FS: In my forthcoming book on revolutionary time – which examines the role of temporality in the works of Kristeva and Irigaray – I offer an analysis of the present that frames Irigaray’s critique of the metaphysics of presence through an appeal to love understood as co-presence. As much as concepts such as “Being” and “Presence” are fraught in a host of ways – and especially so for marginalized folks in cisheteropatriarchal culture – I am still interested in the question of what it means to be-with in a manner that allows for being-present-with. Especially erotic relations are so burdened with appropriative logics that end up objectifying the other. That’s why, for Irigaray, even a seemingly affirmative expression such as “I love you” in fact runs the risk of repeating sexist-capitalist-colonial tendencies to reduce the other to an object; and that’s also why desire so easily gets confused with ownership. To suggest, like Irigaray does, that we instead say “I love to you” is an attempt to seek out the possibility for erotic relations between subjects, whose co-presence or becoming-with are marked by indeterminacy, proximity in difference, and attention to the irreducible mystery of those we love (that they must remain strangers). In praxis, this is extremely hard, because we are so habituated to seek identification through appropriation, to eliminate the distance or difference between us and devouring what we desire. I struggle a lot with this in relation to the people I love. How to carve out an asymptotic path of approximation rather than a teleological project of identification? Those are questions that keep me up at night… 
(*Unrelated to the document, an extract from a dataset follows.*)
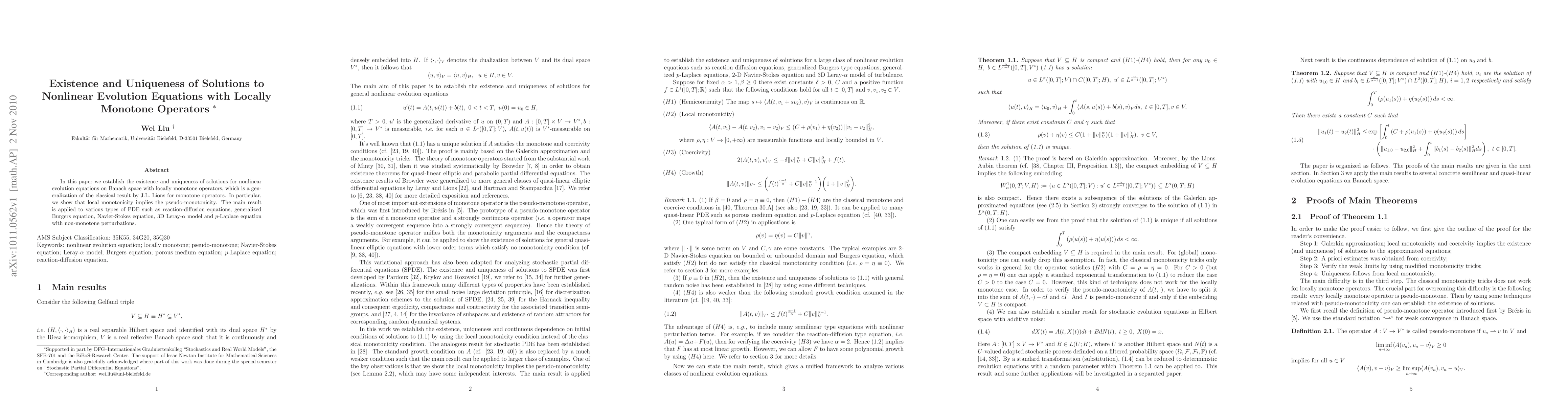 This paper proves the existence and uniqueness of solutions for nonlinear evolution equations on Banach spaces using locally monotone operators, extending classical results by J.L. Lions. It also demonstrates that local monotonicity implies pseudo-monotonicity and applies the findings to various PDEs including reaction-diffusion, Navier-Stokes, and $p$-Laplace equations.

Moving forward, I am articulating a project that seeks to read Kristeva and Anzaldúa together around issues of foreignness and strangeness. And I am just starting a new book project on Cavarero’s philosophy of singularity. Both the strange and the singular are, for me, conditions of possibility for intimacy. So, while neither of these projects are explicitly or primarily about love or sex, I guess in some sense they might be construed as such. 

ADWarmack: Is there anything else you’d like to share with our readers? 

FS: I have the word LOVE in Hebrew (AHAVA) tattooed on my shoulder. It’s been with me since I was fourteen. And I am currently engaging in a very peculiar form of loving relation, namely pregnancy. There is something intensely strange about feeling so much love towards and intimacy with someone who you have yet to actually meet.